Dan pada saat itu, Ram Hwayeon tertawa terbahak-bahak.
Leeha sudah sering melihatnya tertawa, tetapi tidak pernah seperti ini. Tawanya membuat Leeha yang berdiri di depannya malu.
Butuh beberapa menit sebelum Ram Hwayeon, setelah tertawa terbahak-bahak, berbicara.
“Apakah kamu benar-benar berpikir aku akan melakukan itu?”
“Opo opo?”
“Leeha, jalanmu masih panjang. Ya, masih panjang.”
“Apa maksudmu jauh?”
“Tentu saja, dalam hal investasi padamu, biaya operasi itu tidak seberapa bagiku. Tapi apakah kau benar-benar berpikir aku akan menanggung semua biayanya?”
“Kemudian-”
Wajah Leeha memerah. Jadi bukan itu? Dia tidak mengundangnya untuk operasi gratis?
Ram Hwayeon, melihat kebingungan Leeha, tertawa lagi dan berkata,
“Tahukah kau berapa banyak emas dari Castle Dale yang kau tinggalkan, termasuk perjalananmu ke Benua Baru, yang terkumpul? Hanya dengan itu, sebagian besar biaya operasi bisa ditanggung. Aku sengaja tidak menyebutkannya, dan karena tidak ada pembicaraan tentang Castle Dale dan mengingat fakta bahwa aku mengundangmu ke Hong Kong, kupikir kau akan mengetahuinya. Kau benar-benar tidak memenuhi harapan di saat-saat seperti ini, bukan?”
“Oppa payah.”
“Benar, Hwajung-ah?”
“Ya. Tidak tahu apa-apa.”
Ram Hwajung menimpali sambil tertawa bersama Ram Hwayeon. Leeha kemudian teringat dengan kejadian di Castle Dale.
“Ah, itu- jadi begitu-”
“Sebenarnya ini agak singkat. Namun, mengingat bantuanmu selama ini, sisanya akan diambil dari penyelesaianmu di masa mendatang dari Castle Dale. Di mana lagi kamu bisa menemukan rumah sakit yang memperbolehkanmu ‘membayar dengan cicilan’ seperti ini? Terutama untuk operasi di bawah bimbingan Dokter Heinrich.”

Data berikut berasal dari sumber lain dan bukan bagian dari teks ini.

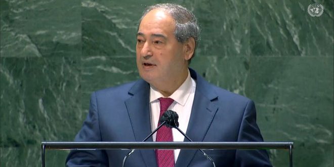 وقال المقداد في كلمة سورية أمام الجمعية العامة للأمم المتحدة: إذا كان كوفيد 19 يقتل مرة فهو يقتل مرات ومرات في ظل الإجراءات الاقتصادية القسرية غير الشرعية المفروضة على عدد من الدول.
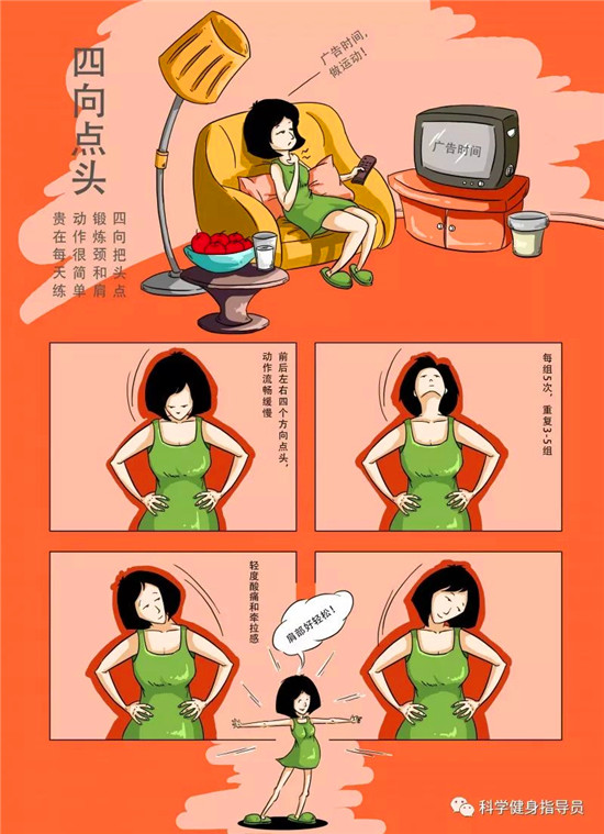 2、四向点头 放松颈部肌肉,改善肩颈部不适,预防颈椎病。
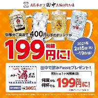飲むなら串カツ田中へ! 2月15日(月)~19日(金)期間限定 来店者全員にほぼ全品ドリンク199円で提供!
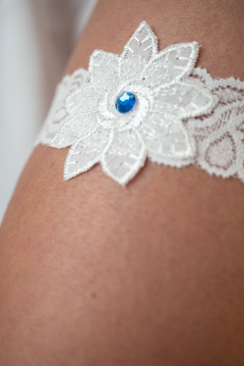 Hermosa liga de encaje spandex con detalles en pedrería azul.
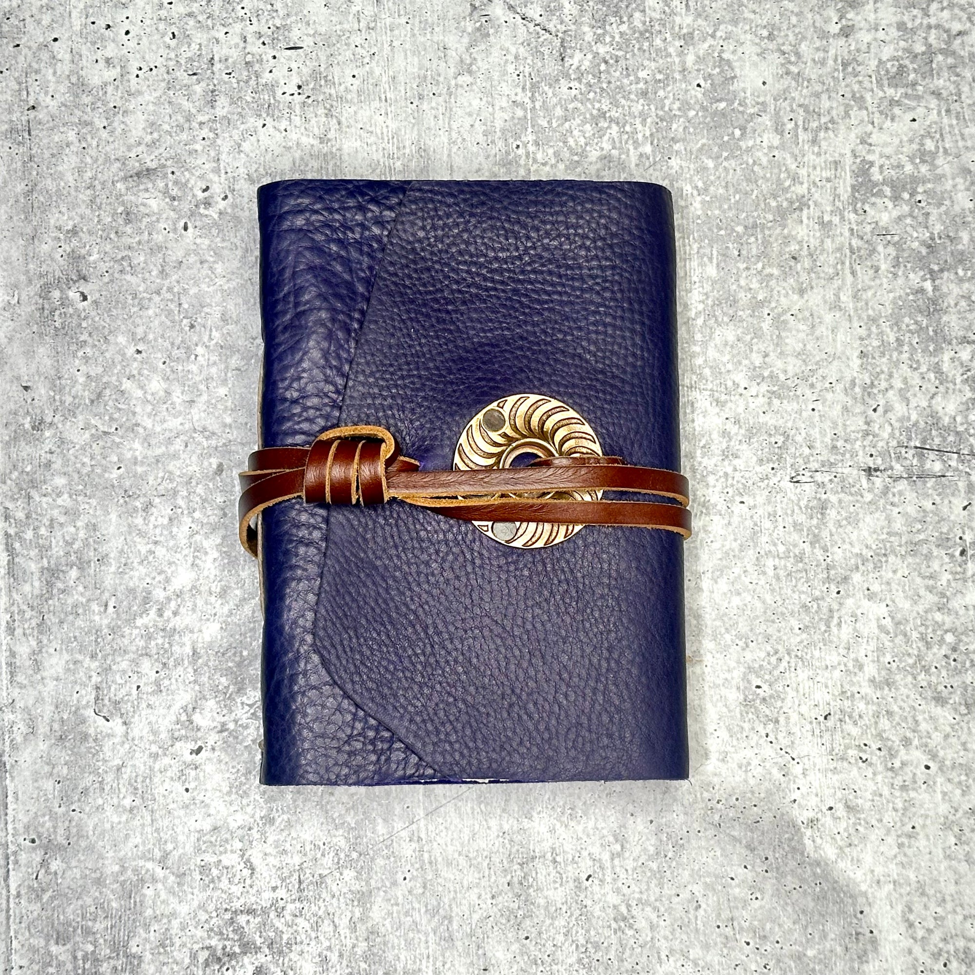 In addition to our traditional “monk’s wrap” leather strap, this book has a vintage rosette/back plate from an old doorknob on the front flap. This is an antique piece from the late 1800’s, and is attached with hand-hammered copper rivets.
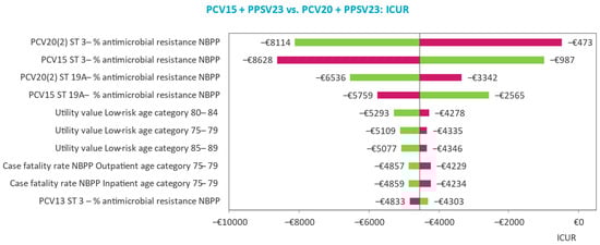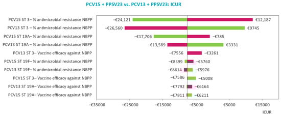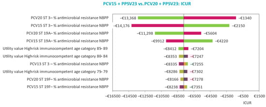 | ICUR | PCV15 + PPSV23 Dominant over PCV13 + PPSV23 | PCV15 + PPSV23 Dominated by PCV20 + PPSV23 | PCV15 + PPSV23 Dominated by PCV20 | €108,542 | PCV15 + PPSV23 Dominant over PCV13 + PPSV23 | PCV15 + PPSV23 Dominated by PCV20 + PPSV23 | PCV15 + PPSV23 Dominated by PCV20 | €3605 | PCV15 + PPSV23 Dominant over PCV13 + PPSV23 | PCV15 + PPSV23 Dominant over No Vaccination |
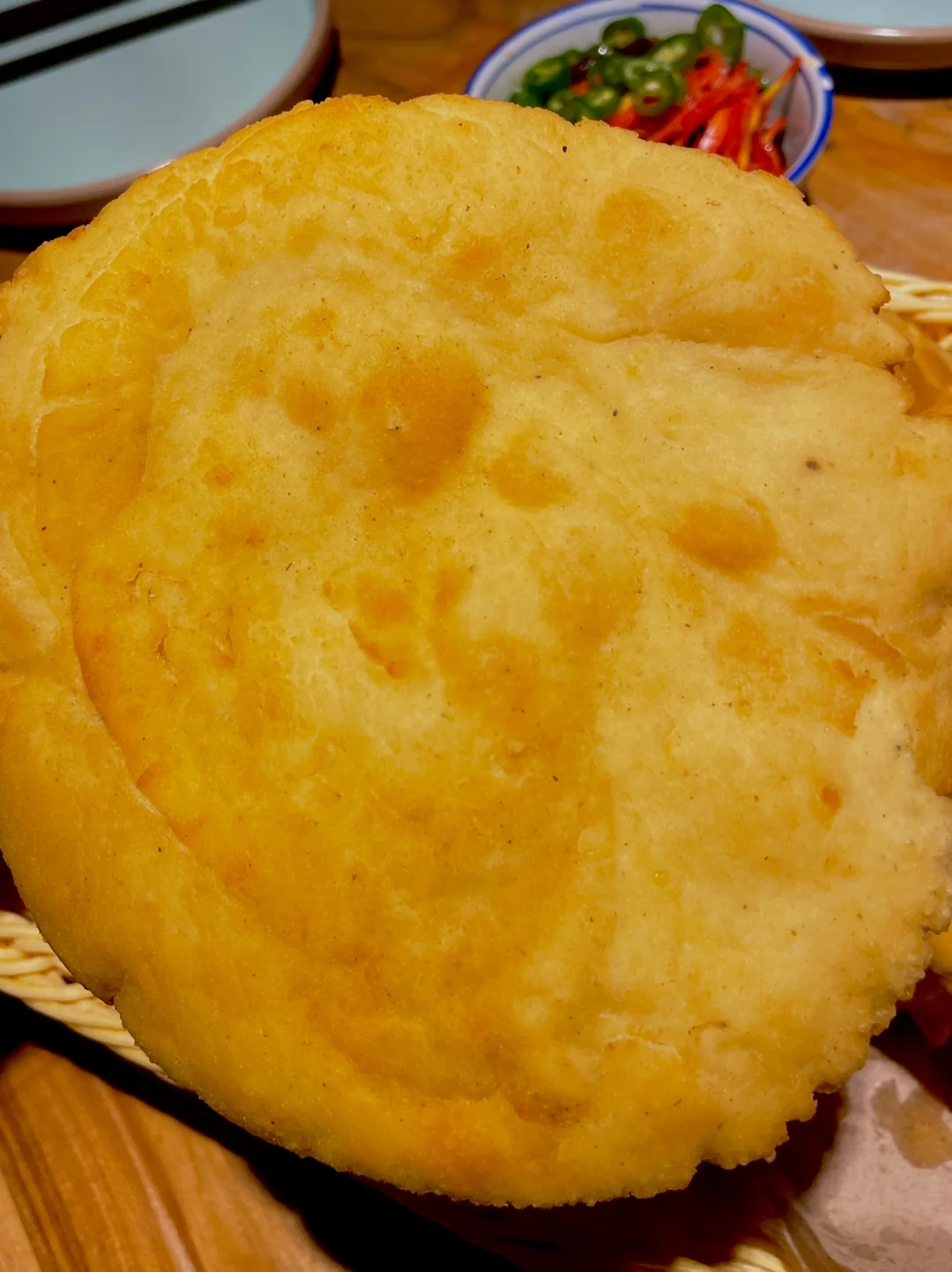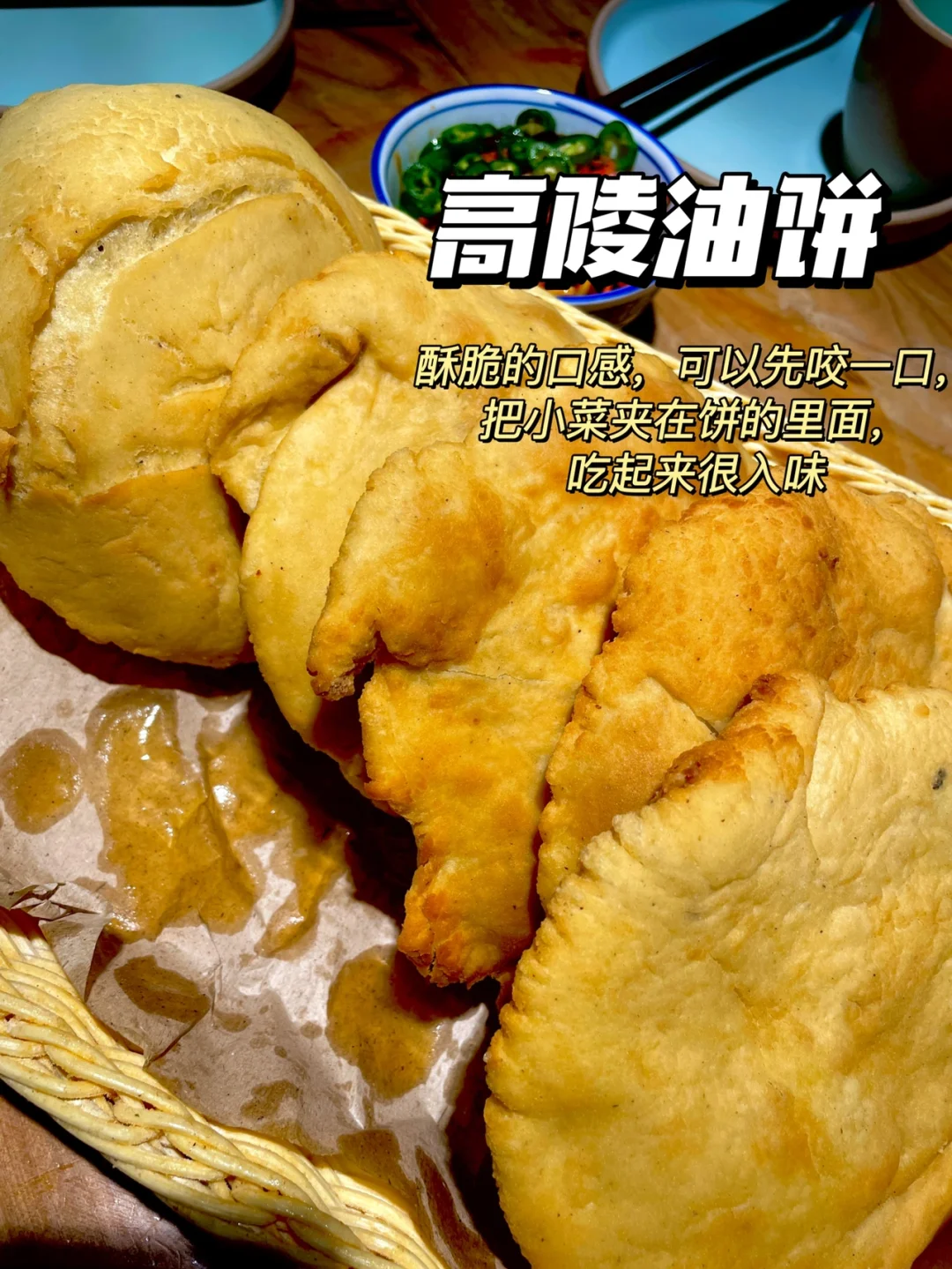✅高陵油饼:一份有五个,每个饼子很大,感觉比我的脸还大,建议不要一开始就吃,留在最后吃,因为真的很撑肚子

Ram Hwayeon memang Ram Hwayeon. Mendengar kata-katanya, wajah Leeha berseri-seri karena gembira. Jadi dia tidak perlu menanggung beban mental lagi. Apakah dia benar-benar bisa menerima operasi yang tidak terduga seperti itu di sini?
“Ram Hwayeon-ssi!”
“Apa, kamu akan memelukku sambil duduk di kursi roda itu?”
“Hah?”
Leeha, yang hendak memeluknya dengan gembira, ragu-ragu dan menghentikan kursi rodanya. Ram Hwayeon mundur beberapa langkah darinya dan menoleh ke samping.
Kemudian dia berkata dengan suara sekecil semut, “Ah, peluk aku setelah kakimu sembuh… dan kau bisa berdiri. Ah, panas sekali! Jachung! Mulai prosedur rawat inap untuk Leeha. Ah, tuan Kay, aku akan menyiapkan kamar untukmu di hotel tepat di sebelah. Itu sudah cukup, kan?”
Cuacanya hangat dibandingkan dengan Korea, tetapi masih musim dingin menurut standar Hong Kong.
Ram Hwayeon bergegas pergi sambil mengipasi dirinya dengan tangannya. Tanpa ada yang bisa berbagi kegembiraannya, Leeha menoleh ke Kijung dengan tergesa-gesa (?).
Kijung hampir menangis.
“…Hyung.”
“Kijung-ah…”
“Hyyyyyyyyung———”
“Kijung-ah————!”
Kijung membungkukkan tubuhnya semampunya dan memeluk Leeha. Leeha menepuk punggung sepupunya yang lebih muda. Tidak jelas apakah dia sedang menghibur Kijung atau mencoba menahan tangisnya sendiri.
Only di- ????????? dot ???
Ram Hwajung menggerutu, “Maksudku…”
“Apakah Anda benar-benar setuju dengan ini, Direktur? Tidak ada jalan kembali sekarang.”
“Aku tahu. Ah, jangan ceritakan apa pun tentang Peng pada Leeha.”
“…Tentu saja.”
“Jangan memasang wajah seperti itu, Jachung. Aku sudah mempertimbangkan pilihannya. Kau tahu maksudku, kan?”
“Saya mengerti. Tidak mungkin pilihan Kepala Sekolah salah, tapi…”
Ada satu hal yang tidak disebutkan Ram Hwayeon kepada Leeha. Uang? Memang, penyelesaian dari Castle Dale cukup untuk menutupi pengeluaran. Namun, mengatur ulang jadwal sibuk seorang dokter terkenal dan mendedikasikan waktu hanya untuk satu orang membutuhkan pengaruh yang signifikan.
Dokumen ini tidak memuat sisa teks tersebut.